Nevertheless, there is an equal lack of boundaries that comes from insisting you are right and others are wrong and your personal feelings are the only way to go about things.
The planet is a very diverse place and has opportunities for everyone to experience a variety of ways of being in the world.
We also limit our possibilities by being too rigid about our particular point of view. It may mean that we go out and seek "evidence" to back up our point of view, never seeing that there is an equal amount of evidence for other points of view. It's way the Access Consciousness folks have a clearing statement called "Interesting Point of View..."
Granted, if you are running a business - you will have developed a point of view or structure that shapes what you put out there and attracts a certain client - normally called an "ideal" client as your business base.
Usually, this comes about after you have decided that you'd like to concentrate on a particular client base who are attracted by a particular language and set of ideals. Again, nothing wrong with setting up a focus like this. Even this blog has a focus and a particular mindset about it that won't be for every human being on the planet.
I am still cognizant, however that my point of view, is going to be true for some people and not others. It isn't the only way to live life nor the right way but for the right person, my viewpoint could express something which allows them to expand their life or their business in a way that is True for them also.
What is True?
I have heard many energetic healers speak of how we feel when we make decisions. A good way to to gauge if something is True for you, is to check-in to your body about how you feel when you hear a speaker, read a blog like this one or take in an "opinion" or "viewpoint," that someone is espousing.
Christie Marie Sheldon, the abundance and vibration guru has a muscle testing format she uses. She has the client say "yes yes yes" and express what their body feels like. Then say, "no no no" and feel what that feels like in their body. With some practice and repetition, you should find yourself developing a pretty accurate intuition that gives you a clear "Yes" - this is true/good for me, and a clear, "No" - this is not True/Good for me.
As you begin to use this to test "viewpoints" rather than just take them on as right or true, you'll find yourself more in alignment with an appropriate set of decisions that is good for you. Realize, it may not be good for someone else.
One example that is popular, is the insistence that veganism or vegetarianism is a right choice for everyone. I almost guarantee if you muscle test food choices, you will find that while this may be an 'interesting point of view' for those people who say that they feel better and look better with a vegetable-oriented diet change, it may not be that interesting or "True for you." Visa versa applies.
Communicating What Is True
In interpersonal relations it will likely become necessary to communicate what is True for you to others who may or may not have the same thoughts, opinions and conditions you do in life.

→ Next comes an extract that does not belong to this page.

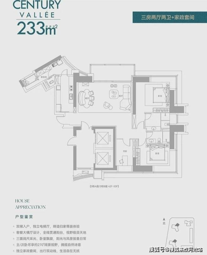 2、8 梯 3 户 、双梯私家入户, 打造 3.5 米层高,高阔的居住体验,深圳住宅天花板,金钥匙服务管家体系标准
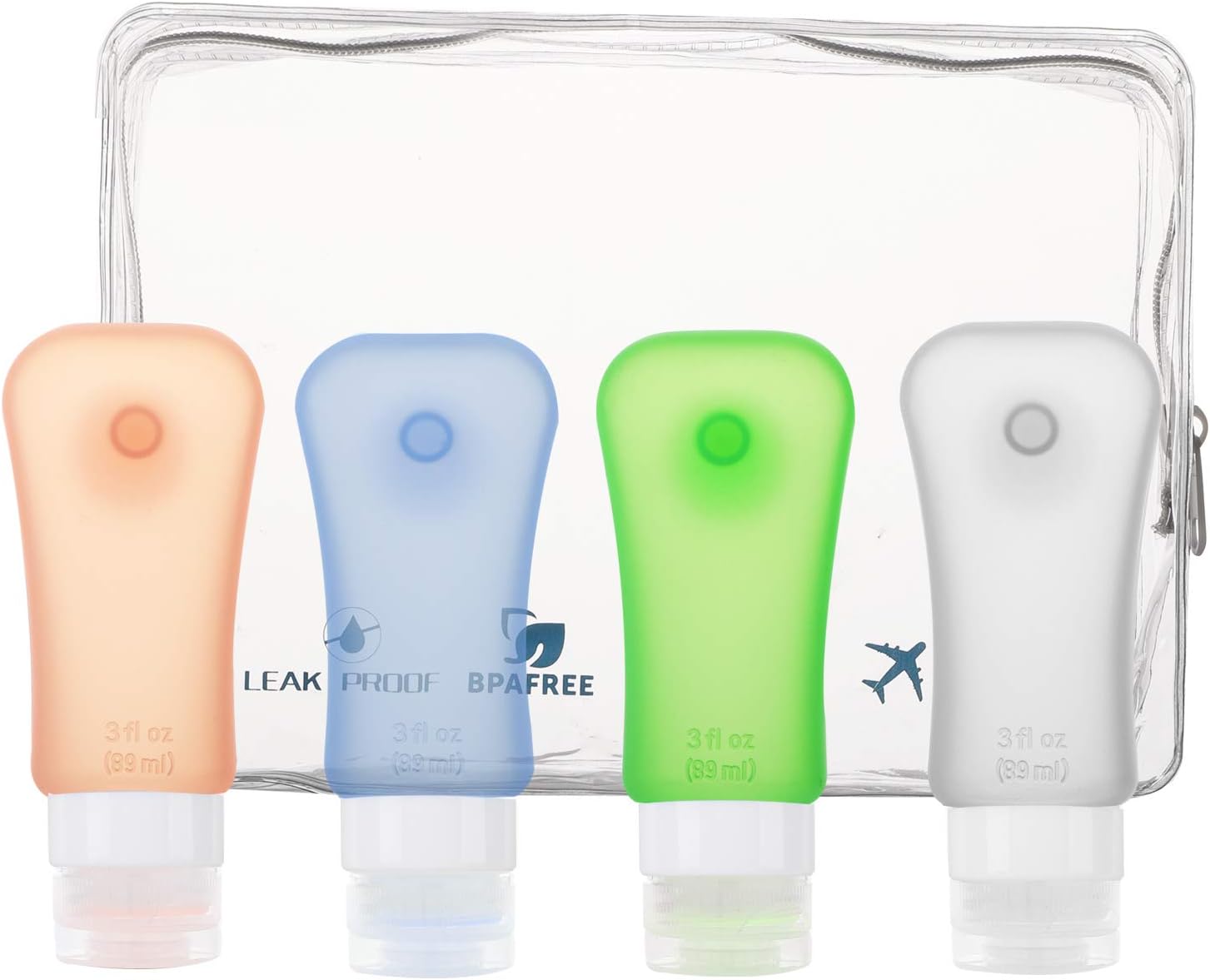 MoKo Reisflessenset, 4 stuks siliconen lekvrije reiscontainers, lekdicht, navulbare reisflessen, BPA-vrij, reisfles voor shampoo, toiletartikelen, spoeling, verzorgingsproducten, 89 ml

It's all well and good when things are superficial to quietly or silently say "interesting point of view," to something you hear someone saying when you don't care to actually relate to them going forward.
But let's say you are in a serious romantic relationship or deep friendship - what then? Well, hopefully with the right "consciously" minded people surrounding you, you can feel free to speak up about your differences in these areas.
You may have to set boundaries or make agreements about what you are willing to do when there is a conflict in what is True for either party. Most relationships run sour when a person holds onto what is True for them, insists the other person "take it on," or else and aren't willing to allow the other person to hold a separate and valid "truism."
What kind of possibilities could exist in a relationship if you are able to consciously create an agreement to openly accept what is True for each other, and enjoy each other's company? Sure, in romantic bonds, you may have to determine in the dating phase, if the number of things that are differences are worth the agro.
After all, you really should have more in common and "true" than not, but still form a dynamic partnership in which the differences actually add to the affection and create amazing shifts in each other toward being better people in general.
If the differences are so great, and only cause friction, it may be time to re-evaluate the compatibility of the relationship.